Sequencing data comes in a variets of standards due to increasing device capabilities which allowed inclusion of metadata or different needs.

<br>
<br>

![standards.png](attachment:standards.png)

<br><br>

In my experience the most relevant are:

- FASTA
- FASTQ
- GenBank
- (SAM/BAM)


We will only use FASTA or GENBANK data

##### FASTA

FASTA is a simple text-based format that always has an identifier line containing random information about the sequence (indicated with a >) and a second line containing the nucleotide or protein sequence.
They look like this:

>\>SARSCOV2 - 19 FEB 2019 - Random information blabla
ACTGTATACTGTCAGTCGTATATCGTACGTCAGTGTCAGTCGTACGTAGTCGTACGTACGTAGCTGTAC
ATCTGACGTACGTAGTCTAGCTACGTATCGGTACGTACGTACGTATGCTACGTACTGTAGCTGACTGAC
ATTATCTACTCTACGTATCATCGACGAGCGCGCGCGCCCTACTATCGTACGTGCTGTCGTACGTACGTA

Typically file endings include .fasta .fna .fa, but it's essentially just a text file.


##### FASTQ

FASTQ is an extension to the classic FASTA format which contains a Q for Quality assesment of the sequence read. This means that each nucleotide has a quality score assigned, meaning the "certainty" of the machine that processed and read it which is nice information to have when comparing or analyzing large amounts of sequences.
It looks like this:

>\@Sequence_information <br>
GATTTGGGGTTCAAAGCAGTATCGATCAAATAGTAAATCCATTTGTTCAACTCACAGTTT <br>
\+ <br>
!''*((((\*\*\*+))%%%++)(%%%%).1\*\*\*-+*''))\*\*55CCF>>>>>>CCCCCCC65 <br>

##### GENBANK

The GenBank standard contains lots of information and annotations about the data contained, making it a rather large format. The example shown in the medium post from the NCBI page displays the GenBank standard per default. It looks like this:

https://www.ncbi.nlm.nih.gov/nuccore/1798174254


## Sequence alignment

To effectively compare similar sequences, we need to align them. This means that we arrange the sequences in such a way that they have the best overlap or the most matching nucleotides. Sequence alignments and algorithms are a topic for themselves [(enjoy reading)](https://en.wikipedia.org/wiki/Sequence_alignment) as depending on how you calculate distances or similarities there are MANY different outcomes.

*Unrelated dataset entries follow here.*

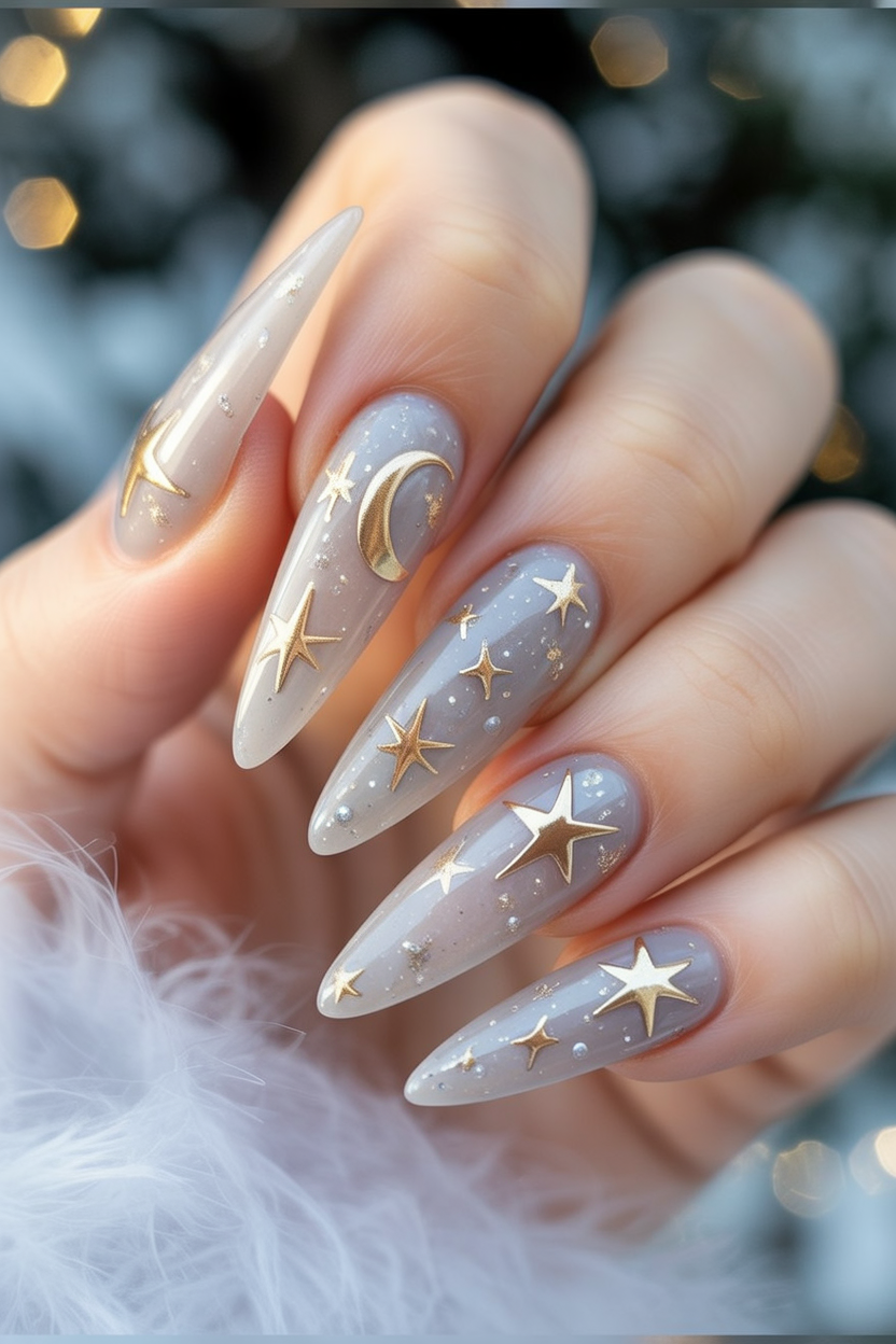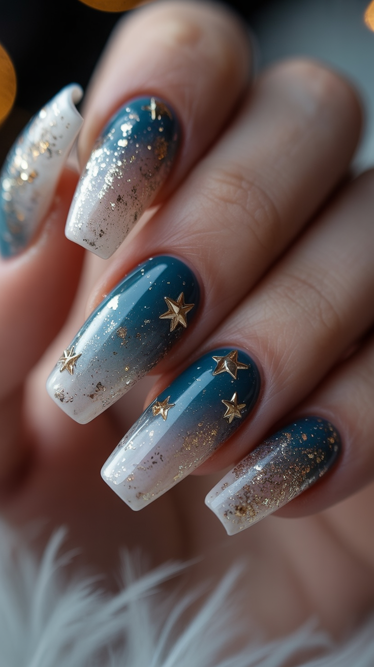 This look is ideal on long square nails, and is perfect to women who admire designs with a touch of heavenly inspirations. The gradient causes nails to appear long and the metallic stars add fun factor. It is a beautiful option when you are going towards winter solstice themes, but you want something that can be used beyond the holidays.
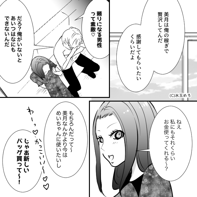 恋愛 2026年4月30日 妻の稼ぎで浮気していた夫に離婚を突きつけた話#7話 【PR】 浮気相手・めいは、夫を完全にお金目当てで利用していた 「私にもそれくらいお金使ってくれる〜?」「新しいバッグ買って〜!」 「美月は俺の稼ぎで贅沢してる」と勘違いする夫 【PR】 次のページ 本当に稼いでいるのは美月の方、夫はそれにも気づいていない 1 2
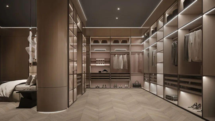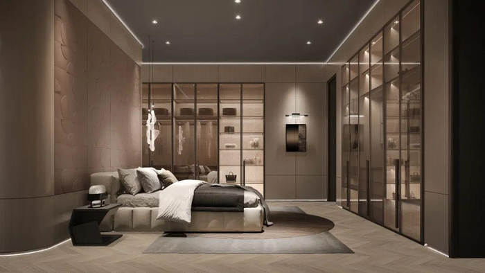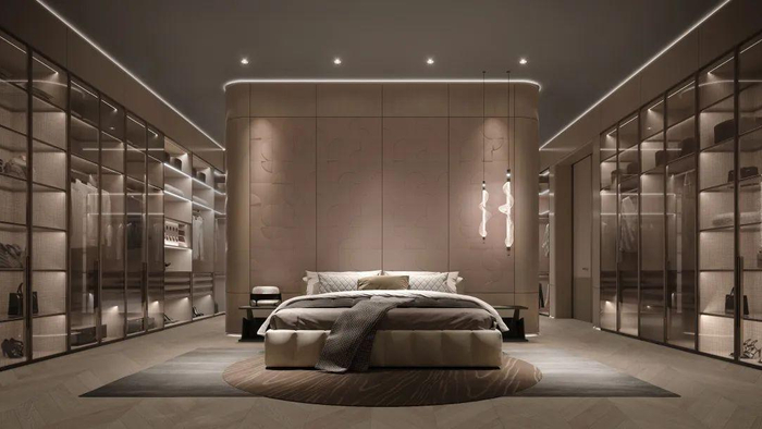 传统单面柜体基础上,背板和侧板处经过精心设计,成为艺术景观。重复手法的圆形纹理,皮革压纹工艺,是装饰元素,也是品牌符号的展现。卧室、衣帽间增加水吧台,停留时饮用和清理更从容。
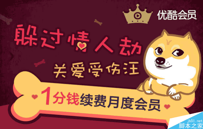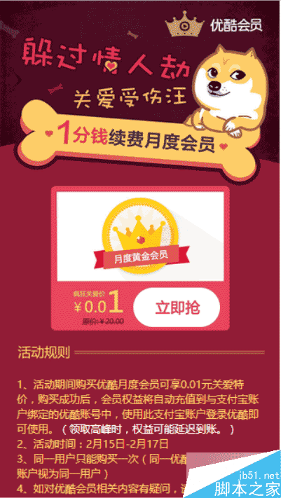 优酷会员关爱单身汪 一分钱抢一月会员 活动时间:2月15日-2月17日活动期间购买优酷月度会员可享0.01元关爱特价,购买成功后,会员权益将自动充值到与支付宝账户绑定的优酷账号中,使用此支付宝账户登录优酷即可使用,脚本之家的小伙伴们快来参与吧!
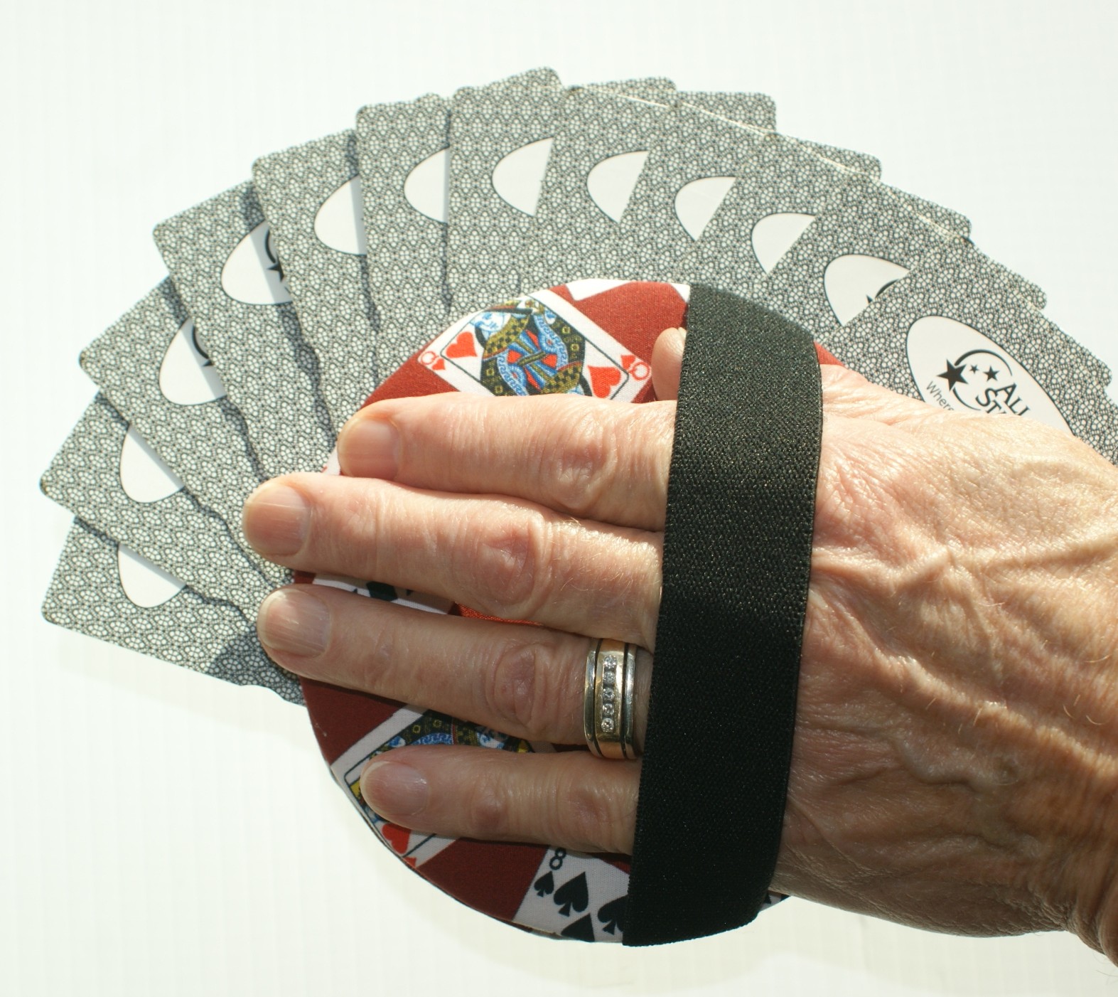 The HAND-AID playing card holders are designed specifically for the person with Parkinson’s, arthritis or other hand issues. Incorporating an elastic strap on the back, it enables that special person to slip the strap over the hand and play their favorite card games again! With the elastic strap, the card player doesn’t actually hold the cards; the HAND-AID does! And not only does it hold the card hand, but it HOLDS ITSELF to the player's hand using the elastic strap! (Be sure to view the photos.)

We will use a standard configuration provided in a tool called MUSCLE which tends to yield very good results for short sequence alignments.

Enough theory, let's dive in!

To start we download the FASTA representation of the NCBI page

Visit:

https://www.ncbi.nlm.nih.gov/nuccore/1798174254

Click on "Send To" indicated in red, select file and choose FASTA and Create File!

![Screenshot%20from%202023-09-25%2019-22-57.png](attachment:Screenshot%20from%202023-09-25%2019-22-57.png)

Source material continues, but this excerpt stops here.